Cosmology and the Zero Point Energy.

Barry John Setterfield



In 1911, Max Planck’s equations indicated the presence of a real energy intrinsic to the vacuum of space. It has become known as the Zero Point Energy (ZPE) because it is present even if the vacuum is cooled to absolute zero, or about -273 degrees Centigrade. The ZPE consists of electromagnetic waves of all wavelengths, and was discovered to control the properties of the vacuum, including its electric permittivity and magnetic permeability. It was proven to exist by Mulliken in 1925, but by then the foundations of Quantum Electro-Dynamics (or QED physics) were being laid. Quantum physics considered the ZPE to be a mere mathematical abstraction with no real physical existence, despite the evidence. In 1962, Louis de Broglie, one of the physicists who had initially supported the QED approach, re-examined the situation.  He suggested that science may have taken a wrong turn in siding with the QED approach.  Since then, an approach that recognized a real, physical ZPE combined with classical physics has been developed. This approach is now called Stochastic Electro-Dynamics or SED physics. SED physics shows the ZPE to be the physical reason behind quantum effects on atoms. 

This study examines the origin of the ZPE in accord with known physical principles. Data and theory both suggest its strength should increase over the lifetime of the cosmos. The effects of a varying ZPE on atoms and atomic constants, such as Planck’s constant, h, the speed of light, c , and the rest-masses of atomic particles, m is explored. The rate of ticking of atomic clocks, including radiometric clocks and their decay rates, can also be shown to be affected by the Zero Point Energy, whereas orbital clocks (gravity-based) are not.

SED physicists have demonstrated that the ZPE maintains the atomic orbits of electrons throughout the cosmos. An increasing ZPE strength means all atomic orbits will become more energetic, resulting in all light emitted from atoms also becoming more energetic, or bluer, with time. This gives a clear explanation for the increasing red shifts which are seen in progressively more distant galaxies (the farther out we look, the further back in time we are seeing).

Changes in the Zero Point Energy through time also mean alteration of the electric and magnetic properties of the vacuum. This has implications for both plasma physics and astronomy. It is shown that plasma interactions were more rapid when the ZPE strength was lower. In almost all cosmological models, the universe is considered to have begun as plasma.  Standard astronomy says gravity began to act once neutral atoms appeared, and then vast amounts of time are needed to form galaxies and stars and planets.  However, even today, our telescopes show that plasma comprises 99% of the universe. Therefore, using plasma physics, the rates of galaxy, star and planet formation can be shown to have been much more rapid in the early cosmos. This may resolve some astronomical anomalies found at the frontiers of the universe.
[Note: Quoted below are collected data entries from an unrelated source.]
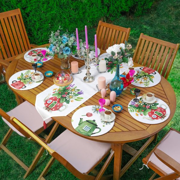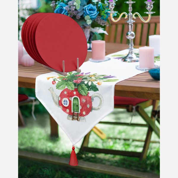 Şirin Çaydanlık Vazo Tasarımlı Dijital Baskılı Modern Üçgen Püsküllü Runner 1 Adet & 6 Adet Kırmızı Renkli Supla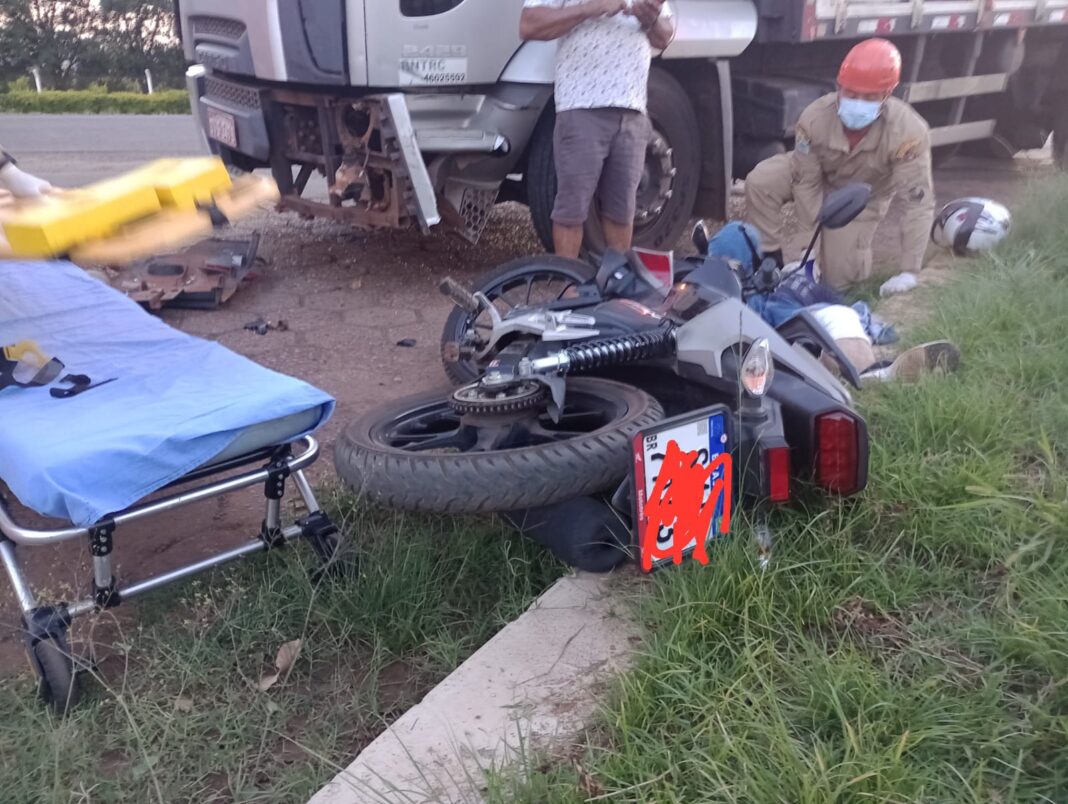 No final da tarde do último sábado (29), um motociclista identificado como B.A.S.S., 36 anos, ficou ferido após uma colisão com um caminhão na entrada do Posto Novo MT, em Chapadão do Sul.
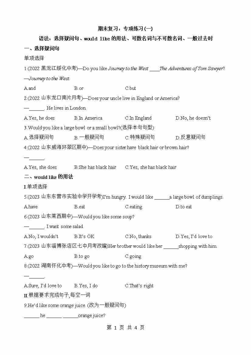 专项01 语法:选择疑问句、would like的用法、可数名词与不可数名词、一般过去时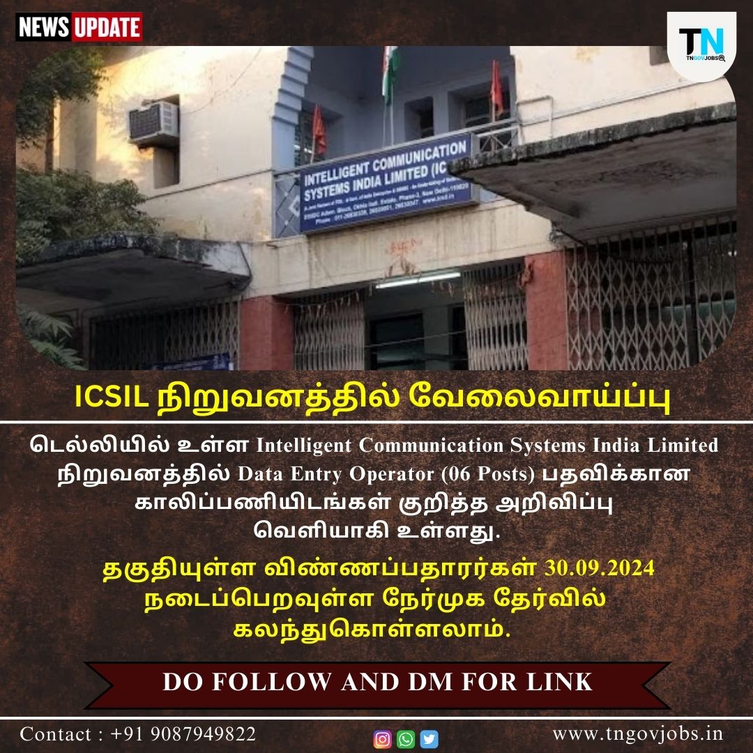 ICSIL Recruitment 2024: Intelligent Communication Systems India Limited (ICSIL) invites Online Application for recruitment to the Post of Data Entry Operator in Delhi – New Delhi. Eligible candidates can Attend Walk-in on 30.09.2024.

An increasing ZPE also has implications for planetary geology, as well as giving a reason for gigantism in Earth’s fossil record. In all fauna, bio-electro-magnetism governs the rate of transmission of nerve impulses, which are effectively electric currents. When the ZPE was low, all electric currents, and hence nerve impulses, flowed more rapidly. This allowed larger faunal types, such as dinosaurs, to be very efficient creatures. As the ZPE increased, this efficiency was lost and only smaller varieties survived.  Because of the Zero Point Energy’s effect upon light itself, photosynthesis was also much more efficient, allowing the gigantism we see in plant fossils.

Finally, many of relativity’s predictions follow logically from the presence of a real ZPE. The concepts are intuitive and can be formulated with simple mathematics. This approach has the advantage that the restrictive postulates of relativity are not needed to achieve the same results. The real, physical ZPE is thus seen to be the common factor that unites a number of branches of science.